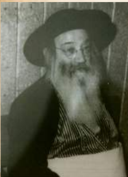
המקובל הגריא"ז מרגליות זצ"ל

מקור אחר לניגון קדוש זה נמצא בספר מגן אבות (באבוב) בשם האדמו"ר הדברי שלמה מבאבוב זצ"ל, שסיפר שמקובל מאבותיו הק' שניגון זה שמע זקינו הרה"ק רבי אליעזר'ל מדז'יקוב זיע"א מאת הרה"ק מרוז'ין זיע"א וכה סיפר, פעם אחת נסע הרה"ק מדז'יקוב להסתופף בצל הרה"ק מרוז'ין, בהגיעו לשם מצא הדלת נעולה והגבאי אמר לו
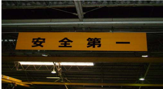
* 看板(場内表示ボードもハニカム製)
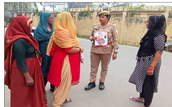
महिलाओं को जागरूक करती महिला पुलिसकर्मी।

रामपुर। मिशन शक्ति फेस - 5 अभियान के द्वितीय चरण अंतर्गत महिलाओं एवं बालिकाओं की सुरक्षा, सम्मान एवं सशक्तिकरण को सर्वोच्च प्राथमिकता देते हुए जनपद रामपुर के समस्त थाना क्षेत्रों में मिशन शक्ति केन्द्र की टीमों एवं जनपद स्तरीय टीम द्वारा व्यापक जागरूकता अभियान चलाया गया।
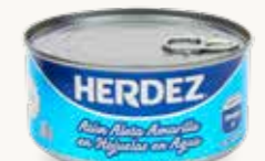
HERDEZ Atún aleta amarilla en Hojuelas en Agua / México / 280 g
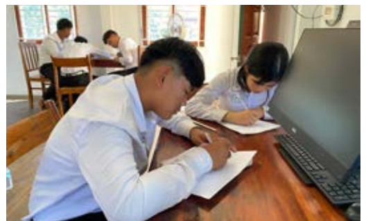
សិស្សមកពីវិទ្យាល័យ ហ៊ិន វ៉ែន ប្រម៉ោយ មកទស្សនកិច្ចសិក្សា និងអានសៀវភៅប្រវត្តិសាស្ត្ររបបកម្ពុជាប្រជាធិបតេយ្យ (១៩៧៥-១៩៧៩) នៅមជ្ឈមណ្ឌលផ្សះផ្សារវាលវែង

នៅវេលាព្រឹកថ្ងៃទី៥ខែកុម្ភៈ ឆ្នាំ២០២៦ សិស្សានុសិស្សមកពីវិទ្យាល័យ ហ៊ិន វ៉ែន ប្រម៉ោយ ចំនួន ១០នាក់ បានមកទស្សនកិច្ចសិក្សា និងអានសៀវភៅប្រវត្តិសាស្ត្រ ទាក់ទងនឹងរបបកម្ពុជាប្រជាធិបតេយ្យ (១៩៧៥-១៩៧៩) នៅមជ្ឈមណ្ឌលផ្សះផ្សារវាលវែងដើម្បីជំនួយដល់ការសិក្សារៀនសូត្រនៅក្នុងសាលារៀន។ ក្នុងឱកាសនោះ ក្រុមការងារមជ្ឈមណ្ឌលផ្សះផ្សារវាលវែងក៏បានចាក់បញ្ចាំងខ្សែភាពយន្តឯកសារមានចំណង ជើងថា «កុំស្មានបងភ្លេច» ឱ្យសិស្សទស្សនា។ ខ្សែភាពយន្តឯកសារនេះ បានផ្សារភ្ជាប់ទៅនឹងរឿងរ៉ាវប្រវត្តិសាស្ត្រប្រទេសកម្ពុជា
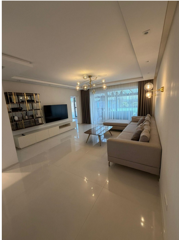
Wohnzimmer mit viel Tageslicht
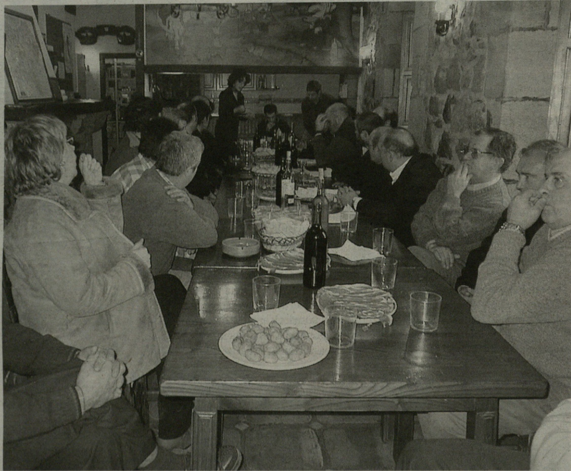
Toki Eder elkarteko bazkideek urteko batzarra egin zuten martitzenean.

Eskarien eta galderen tartean, hainbat proposamen egin
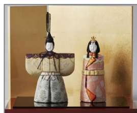
江戸木目込人形(東京)
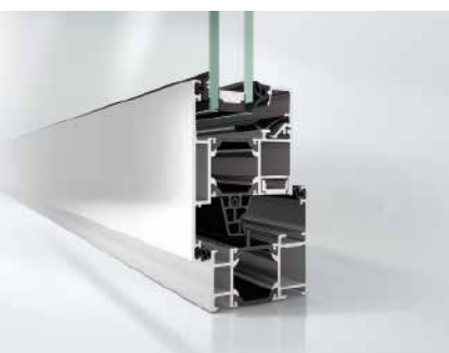
Schüco Окно AWS 60, открывание наружу Schüco Window AWS 60, outward-opening
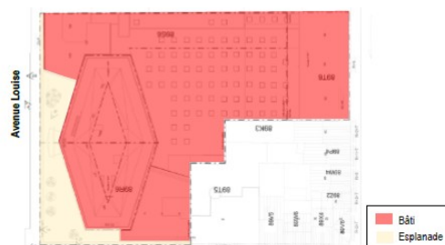
Figure 56 : Implantation du bâti en situation existante (ARIES sur fond A2RC Architects, 2019)
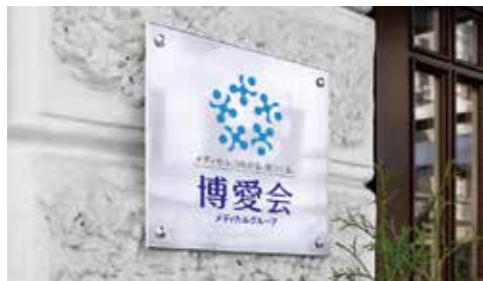
各事業所の入口などに看板としてグループロゴとスローガンを設置!?
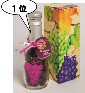
1位 ＜ヴェルディエ＞ レザンドレ・オ・ソートルヌ“貴腐” ミニボトル (95g)1,944円/地階
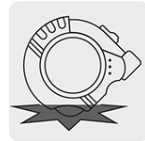
Resistente a impactos
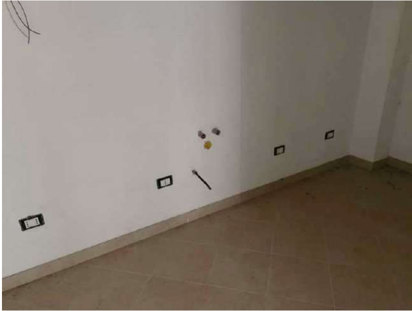
Foto 11 – Vista predisposizione allacci idraulici e prese elettriche angolo cottura
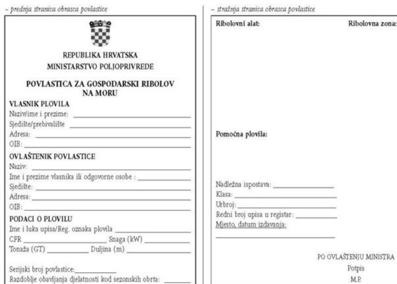
Slika 4. Povlastica – obrazac

Izdavanje povlastice zahtjeva podnošenje zahtjeva nadležnom ministarstvu ovisno o vrsti obrta, te se uz to prilažu podaci iz Obrtnog registra, a to su: djelatnost, ime i prezime, matični broj građana, adresa stanovanja, matični broj obrta, tvrtku i sjedište. Povlastica (slika 4) se izdaje u roku 15 dana. (Šoić, Cvitan, 2001, str. 26)
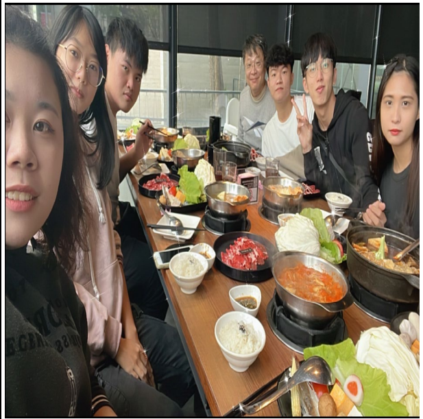
班聚：導師和同學在輕井澤聚餐
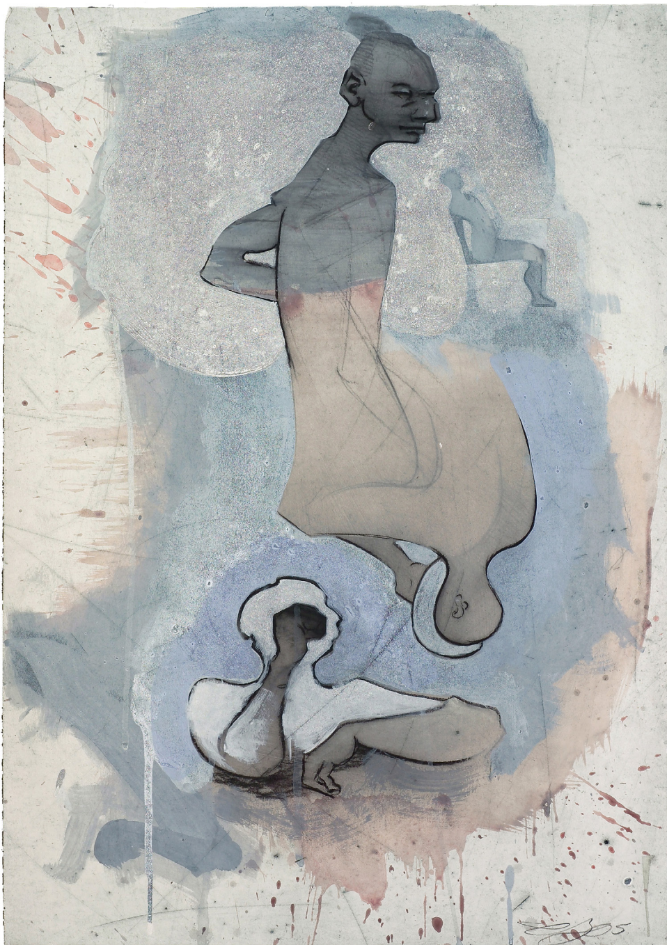
2005. Pierre noire, acrylique et gesso sur papier collé (passage sous presse), 59 x 41 cm.
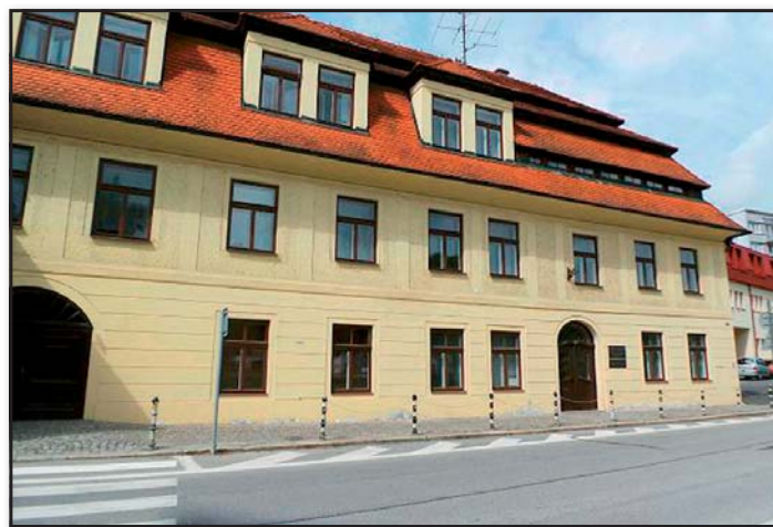
Sídlo ICOS Český Krumlov a jeho Bezplatné poradny mezi paragrafy, ul. 5. května 251, Plešivec
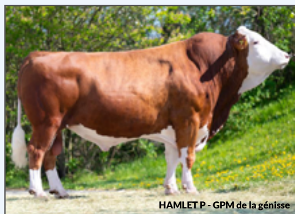
HAMLET P - GPM de la génisse
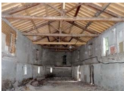
Table rase pour « Fibac »

Les Communs du Château de Sassenage sont, depuis janvier 2010, en cours de transformation. La toiture a été entièrement refaite, et la partie intérieure intégralement démolie pour créer deux salles de réception, sur 370 m 2 répartis sur deux niveaux. Grâce à ces aménagements, la surface commerciale du Château de Sassenage va être doublée à l'horizon 2012, ce qui lui permettra de renforcer son activité tourisme d'affaires.
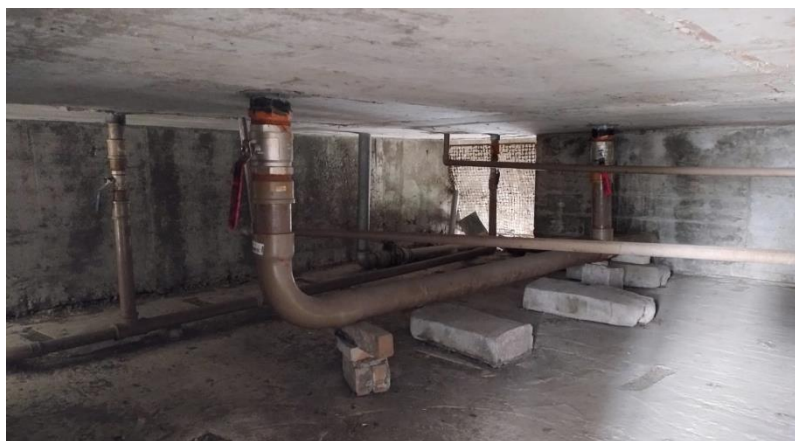
Figura 9 - Reservatório Oeste: Casa de Barriletes
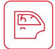
REPOSICION DE LUNAS
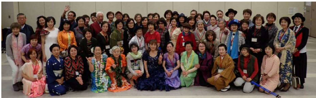
出演するみなさん
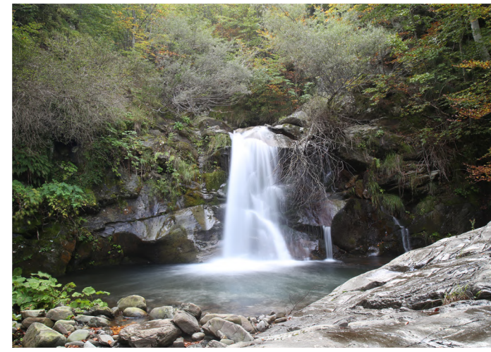
Cascata LA BANDITA

e del Rio Fontanacce (vedi i toponimi, Sega dei Rioo, Sega di Sopra e Sega di Sotto, detta anche dei Milanesi): legna da ardere, carbone e carbonella ricavati dalla frasca di faggio venivano ammassati all'imposto del Ponte di S. Anna. Questi sentieri erano usati anche per trasportare materiale ferroso proveniente dalla vicina Toscana per essere poi lavorato nelle "Fabbriche del ferro" di Casa dell'Alda e del Nespolo alla confluenza del Rio Valdarno con il Rio Fontanacce. Lungo il sentiero troviamo fonti per potersi approvvigionare di acqua: Fonte dei Rioo, Fonte di Montalto e la Fonte delle Borracce .
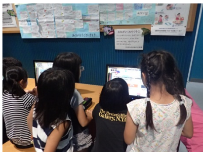
パソコンサイズに夢中になっている様子
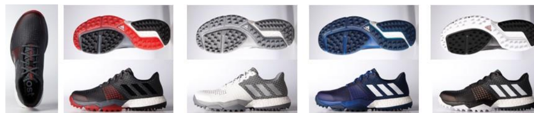
Q44778 オニキス/コアブラック/ スカーレット
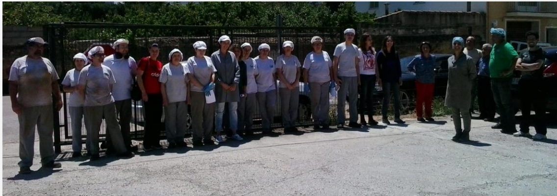
Simulacro de incendio 2015
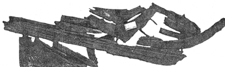
Figura 1. Restos pertenecientes al codaste y maderamen de una de las embarcaciones recuperadas a fines del siglo XIX en la zona del actual Puerto Madero (1984, Registro de Objetos Históricos, núm. 51, Museo Histórico Nacional, Buenos Aires).
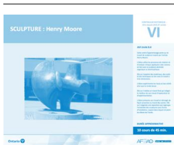
Version intégrale SCULPTURE : Henry Moore
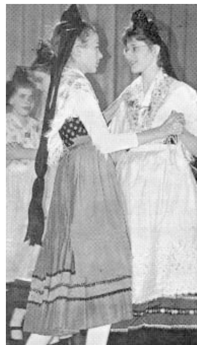
Von Kindern für Kinder: Darbietung der Jugend- und Volkstanzgruppe Salzböden am Samstagabend in der Stadthalle Staufenberg.
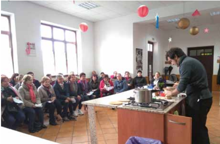
Coaña entre fogones

Retomamos en el último trimestre la programación del proyecto “Coaña entre fogones”, centrando su temática en la elaboración de platos típicos navideños de diferentes lugares del mundo. Un guiño a las tradiciones de otros países en estas fechas tan especiales.

+ + + +

● **Task brief**
Exact copy, pictures excluded: every line above from the one containing "REPOSICION DE LUNAS" to the one containing "Figura 1. Restos", inclusive, and nothing more.

● **Response to this exercise**
REPOSICION DE LUNAS
出演するみなさん
Cascata LA BANDITA

e del Rio Fontanacce (vedi i toponimi, Sega dei Rioo, Sega di Sopra e Sega di Sotto, detta anche dei Milanesi): legna da ardere, carbone e carbonella ricavati dalla frasca di faggio venivano ammassati all'imposto del Ponte di S. Anna. Questi sentieri erano usati anche per trasportare materiale ferroso proveniente dalla vicina Toscana per essere poi lavorato nelle "Fabbriche del ferro" di Casa dell'Alda e del Nespolo alla confluenza del Rio Valdarno con il Rio Fontanacce. Lungo il sentiero troviamo fonti per potersi approvvigionare di acqua: Fonte dei Rioo, Fonte di Montalto e la Fonte delle Borracce .
パソコンサイズに夢中になっている様子
Q44778 オニキス/コアブラック/ スカーレット
Simulacro de incendio 2015
Figura 1. Restos pertenecientes al codaste y maderamen de una de las embarcaciones recuperadas a fines del siglo XIX en la zona del actual Puerto Madero (1984, Registro de Objetos Históricos, núm. 51, Museo Histórico Nacional, Buenos Aires).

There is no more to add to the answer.